In an interview with NBC News’ Andrea Mitchell at the Bab al-Hawa crossing last month, U.S. Ambassador to the United Nations Linda Thomas-Greenfield said she felt “a sense of desperation” witnessing what was happening there.
“I spoke to a number of NGOs,” she said, referring to nongovernment organizations, “and they talked about the desperation of people on the other side of the border, and that they know that if this does not continue, that they stand a chance of dying.”
Russia says these crossings violate Syria’s territorial sovereignty and integrity.
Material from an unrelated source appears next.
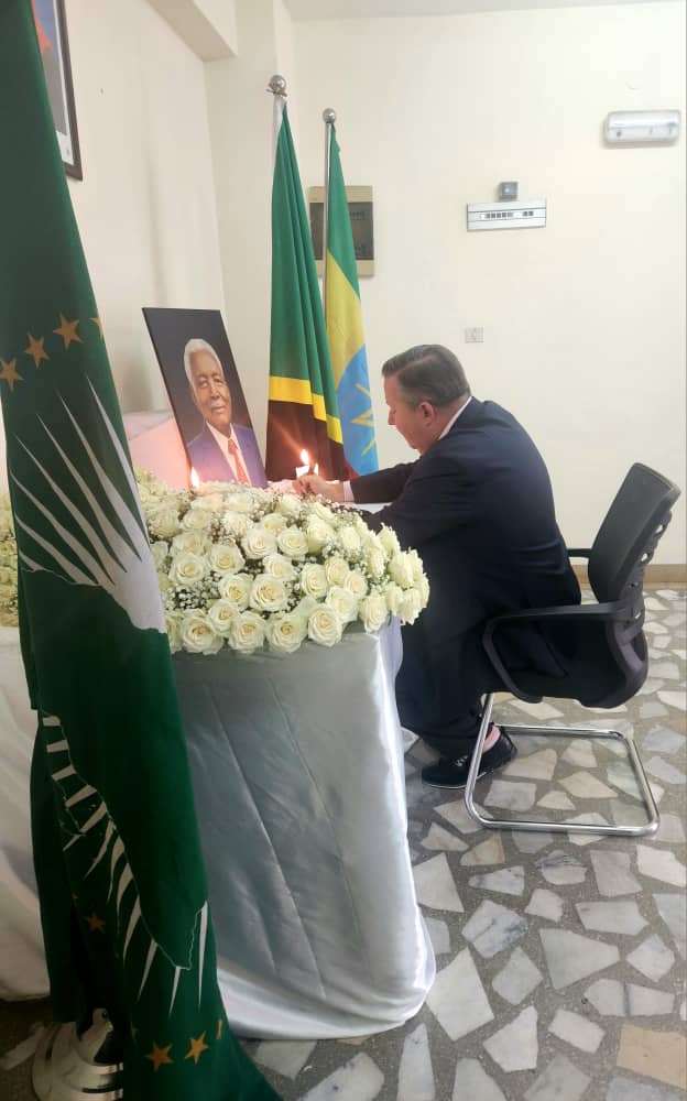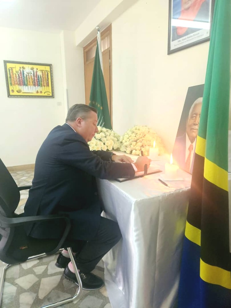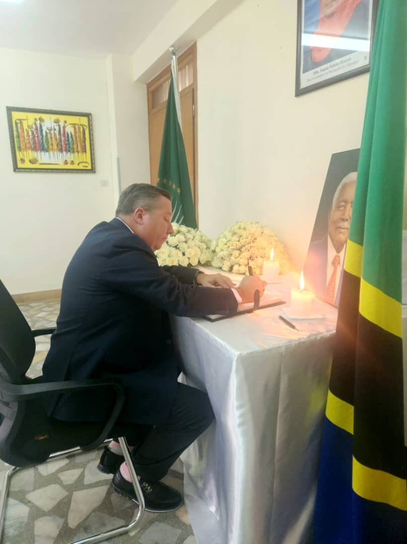 Mhe. Michael P. Murphy, KM, Balozi wa Malta na Mwakilishi wa Kudumu wa kwenye Umoja wa Afrika akisaini kitabu cha maombolezo kufuatia kifo cha Alhaj Ali Hassan Mwinyi, aliyekuwa Rais wa awamu ya Pili wa Jamhuri ya Muungano wa Tanzania.

Alexander Lavrentyev, Putin’s special envoy for Syria, on Wednesday called the crossing “an anachronism,” according to Russian state media. “Of course, the international humanitarian law should be respected, and normal operations of this mechanism should be restored via the legitimate authorities, via Damascus.”
Biden raised the issue with Putin at their meeting last month, with the U.S. president urging him to keep aid moving “so that we can get food — just simple food and basic necessities to people who are starving to death,” he said afterward.
Putin did not mention that aspect of the talks. But U.S. national security adviser Jake Sullivan told reporters that it was a “constructive conversation” between Biden and Putin and the White House believes “that there is scope for the U.S. and Russia to work together on a positive outcome so that resolution gets passed.”